I need to compare Two files in Unix and populate the difference record with diff column numbers. Please help in creation of scripts to do this logic.

Example:
Left.dat

123|Chennai|IBM|782.0
786|Bangalore|TCS|999.00
124|Chennai|TCS|456

Right.dat

786|Bangalore|TCS|999.00
124|Chennai|TCS|456
123|Chenai|IBM|782
223|Kolkata|CGI|786

Output:

123|Chennai|IBM|782.0|2,4
223|Kolkata|CGI|786|1,2,3,4

Please note that LAST COLUMN will be the diff columns number.

Thanks in advance!!

vgersh99 · July 27, 2023, 5:59pm

welcome to the community, @srivenumuthyalapati.
Please do format your postings (data/code samples) using markdown code tags described here. I've edited your initial post for now - please do so going forward.

As far as your data samples and the desired output goes... I cannot correlate your sample input with your desired output. Take the output case of 123|Chennai|IBM|782.0|2,4. How did you arrive at 2,4? These are supposed to be the column numbers containing "different value". Why is it 2,4?
Can you walk us through your "diff" algorithm, please.

Also... anything you have tried on your own and got stuck somehow?

srivenumuthyalapati · July 28, 2023, 5:05am

Thanks for the response @vgersh99

Yeah - 2,4 are the column number which has different values.

With the help of below command, we can able to identified the different records.
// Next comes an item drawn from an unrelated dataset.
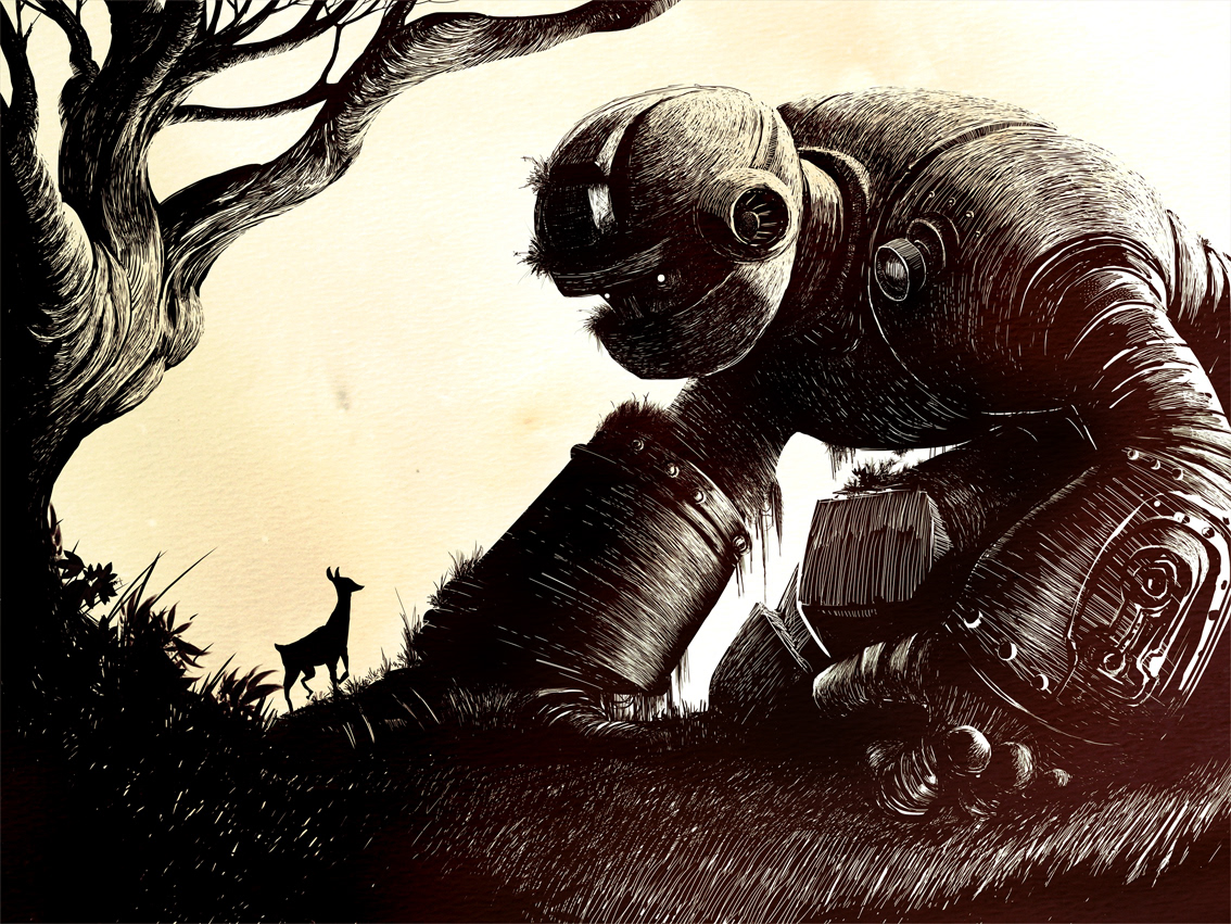 Ilustração digital. Roboto1 é a primeira de uma série de ilustrações que exploram a relação de máquinas com o meio ambiente.

awk -F "|" 'NR==FNR { if(NR!=1)c[$1]++; next} c[$1] { c[$1]=0; print}; Left.dat Right.dat

I'm not able to proceed to populate the column number for different values.

Can you please help.

munkeHoller · July 28, 2023, 6:42am

diff/sdiff may help simplify your processing, see below, obviously the output from diff/sdiff needs massaging to get your desired result.

diff Left.dat Right.dat |grep '^[<>]'
< 123|Chennai|IBM|782.0
> 123|Chenai|IBM|782
> 223|Kolkata|CGI|786

#
sdiff -sl <(sort l.orig)  <(sort r.orig)
123|Chennai|IBM|782.0					      |	123|Chenai|IBM|782
							      >	223|Kolkata|CGI|786

srivenumuthyalapati · July 28, 2023, 8:38am

Thanks for the response @munkeHoller

Yeah - we can identified the differences using diff command - this is another option.

But mainly, concern about how to populate column number for difference records.

Any thought on this? please advise.

MadeInGermany · July 28, 2023, 11:27am

So the corresponding record in Right.dat is the first one with the same value in field 1.

When the corresponding record is found, a for loop through the fields will get the differences.

vgersh99 · July 28, 2023, 12:33pm

I'd start with trying to answer some of the questions asked previously in this post.
And then we/you can take things from there.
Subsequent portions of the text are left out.